Я вымыл голову, и, когда сел за стол, капли воды приятно ползли по затылку и вдоль позвоночника. Я съел яичницу, несколько ломтей ветчины, остатки вчерашнего кролика, выпил несколько стаканов холодного, очень сладкого кофе, а потом включил телевизор. Отнес драгоценные бутылки в подвал. Марта знает, что я люблю хорошее вино. Прекрасный подарок. Подарок любящей женщины. Подарок двуличного и коварного чудовища. Ох, Марта, почему мы не можем снова стать просто самими собой?

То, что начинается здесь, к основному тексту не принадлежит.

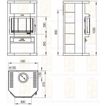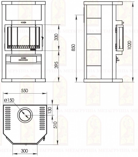Отопительная печь-камин Мета-Бел АОТ 9.0-02 (в модификации "Ангара") для обогрева помещения объёмом 135 м3

Дикторша с пронзительным голосом и пышной пламенной гривой под моим угрюмым взглядом исчезла с экрана, ее сменили фотокадры. Бенни! Со сбитым на сторону париком он лежал на носилках, его широко раскрытые глаза как бы высматривали деньги, которых ему теперь уже никогда не держать в руках. Марта позвала меня:

— Жорж…

— Тише! Подожди…

Теперь показывали убийцу, которого я подстрелил. Я узнал его: тот самый, что напал на меня на шоссе; те же усики и гноящиеся глаза, нос его скрывала повязка, которую я под шарфом не видел. Следующей была фотография мальчика, лежащего в луже, рядом с ним сумка и валяющиеся на влажной земле тетрадки. Сейчас он находится в реанимационном отделении. Я почувствовал, как сердце у меня сжалось. Марта положила мне на плечо руку и чуть-чуть стиснула его, но я не понял, что означал этот жест. Завершили они показом моего портрета-робота, на сей раз имеющего отдаленное сходство со мной. Я сделал звук громче.

10

«Одежда вина» — винодельческий термин, означающий сочетание цвета и прозрачности.